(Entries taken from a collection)
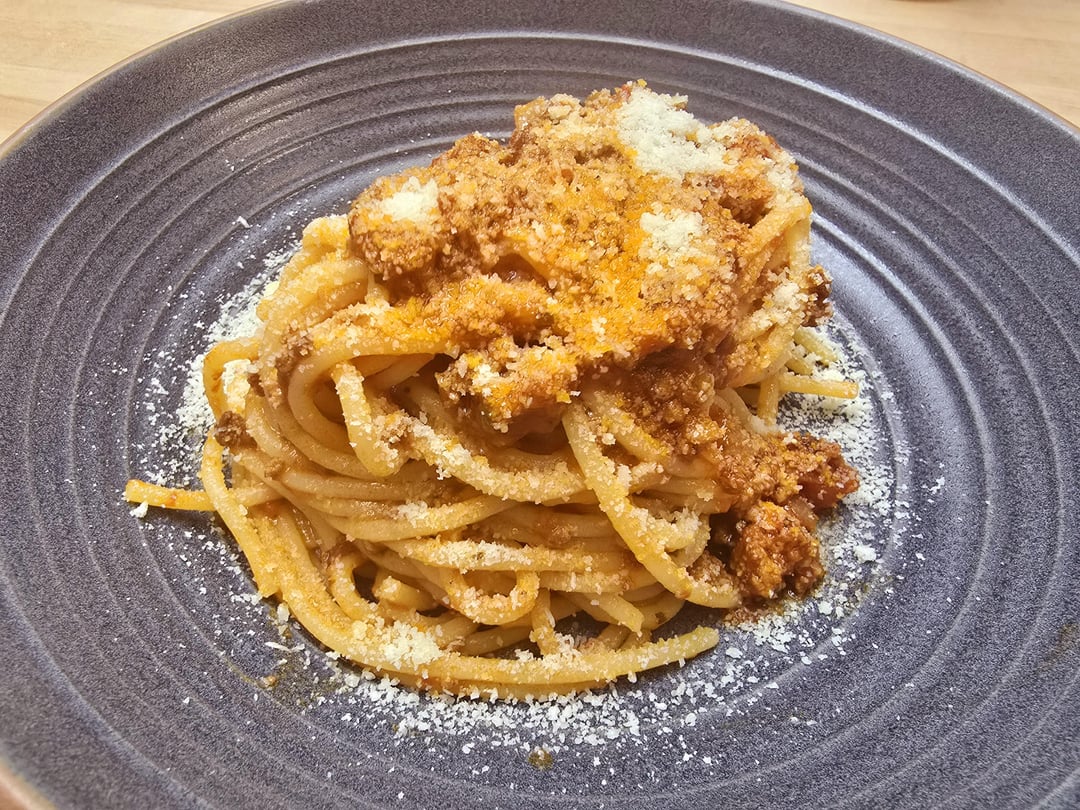 This was a nice, all afternoon on the stove spaghetti sauce. Ground beef, pork, and veal browned off, then onions and garlic, tomato paste, red wine, and crushed tomatoes. I added dried oregano and fresh basil, a small can of fire roasted diced tomatoes, and a parm rind. Simmered 7 hours until dinner time.
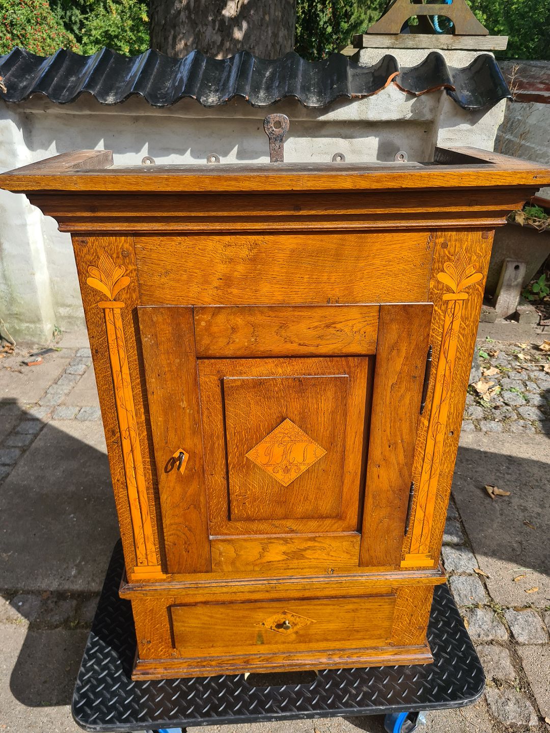 Antikt vægskab fra 1800 tallet i eg og med intarsia. Fremstår meget pænt og velholdt for alderen uden videre brugsspor. Alle skuffer bliver låst med lågen. Aldeles funktionsdygtigt. Højde 91 cm. Bredde 65 cm. Dybde 32 cm. Emne nummer: 80582
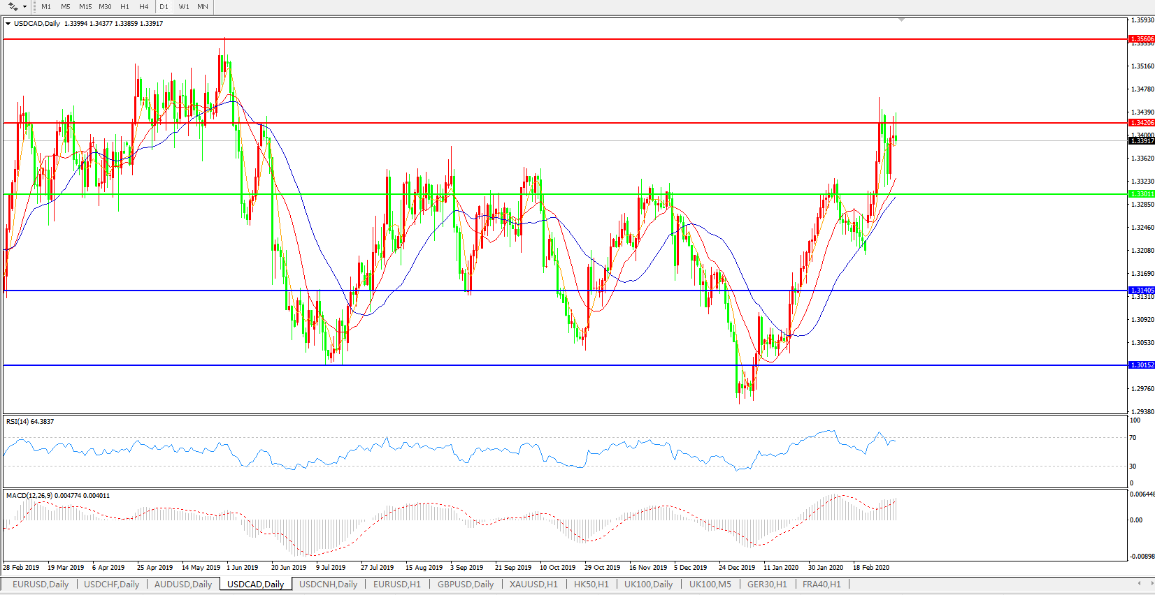美元兑加元USDCAD    日线图:
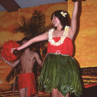 A female dancer wearing a ti leaf skirt and carrying 'uli'uli (feathered rattles), on stage at Pacific University's annual Lu'au in 1978. A male dancer wearing a malo is in the background.
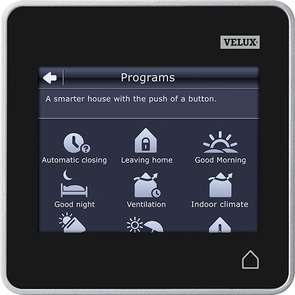 Izvēloties šo modeli, varēsiet regulēt visus elektriski vadāmos jumta logus, žalūzijas un ruļļveida slēģus ar vienu tālvadības pulti no jebkuras vietas mājā. Darbināms ar saules enerģiju
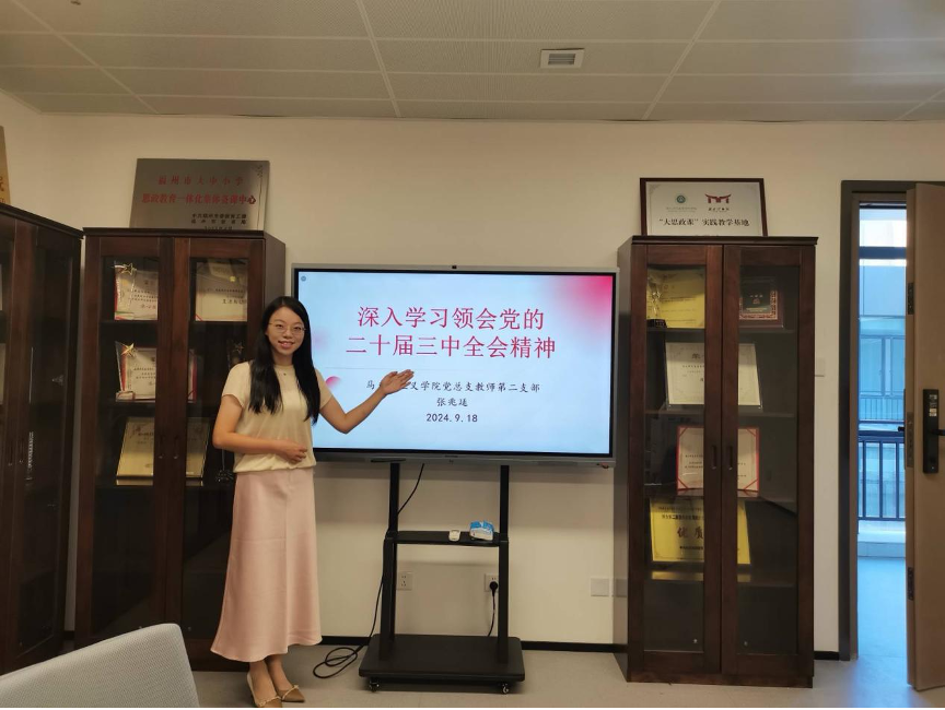 教师第二党支部书记张兆延首先从历史的角度梳理改革开放以来历届三中全会的情况,解读二十届三中全会中的新概念、新观点、新论断,强调进一步全面深化改革,要因地制宜发展新质生产力,在发展中保障和改善民生。之后,她引导党员教师深刻认识二十届三中全会的重大意义,推动党的二十届三中全会精神在教学工作中落地生根、开花结果。
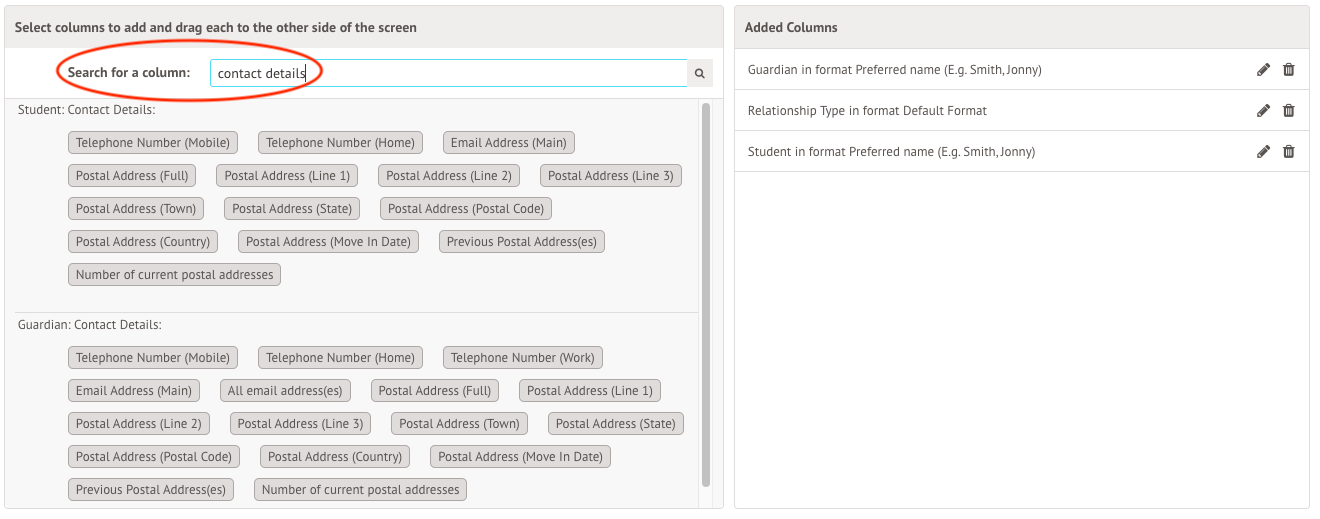 - You can also create a report in the Custom Report Writer about Parents, Guardians and Contacts, and choose which contact information you want to pull via the column selector.

→ WHAT THIS TASK INVOLVES
Output the records exactly. Drop the images.

→ ANSWER TO THIS TASK
 This was a nice, all afternoon on the stove spaghetti sauce. Ground beef, pork, and veal browned off, then onions and garlic, tomato paste, red wine, and crushed tomatoes. I added dried oregano and fresh basil, a small can of fire roasted diced tomatoes, and a parm rind. Simmered 7 hours until dinner time.
 Antikt vægskab fra 1800 tallet i eg og med intarsia. Fremstår meget pænt og velholdt for alderen uden videre brugsspor. Alle skuffer bliver låst med lågen. Aldeles funktionsdygtigt. Højde 91 cm. Bredde 65 cm. Dybde 32 cm. Emne nummer: 80582
美元兑加元USDCAD    日线图:
 A female dancer wearing a ti leaf skirt and carrying 'uli'uli (feathered rattles), on stage at Pacific University's annual Lu'au in 1978. A male dancer wearing a malo is in the background.
 Izvēloties šo modeli, varēsiet regulēt visus elektriski vadāmos jumta logus, žalūzijas un ruļļveida slēģus ar vienu tālvadības pulti no jebkuras vietas mājā. Darbināms ar saules enerģiju
 教师第二党支部书记张兆延首先从历史的角度梳理改革开放以来历届三中全会的情况,解读二十届三中全会中的新概念、新观点、新论断,强调进一步全面深化改革,要因地制宜发展新质生产力,在发展中保障和改善民生。之后,她引导党员教师深刻认识二十届三中全会的重大意义,推动党的二十届三中全会精神在教学工作中落地生根、开花结果。
 - You can also create a report in the Custom Report Writer about Parents, Guardians and Contacts, and choose which contact information you want to pull via the column selector.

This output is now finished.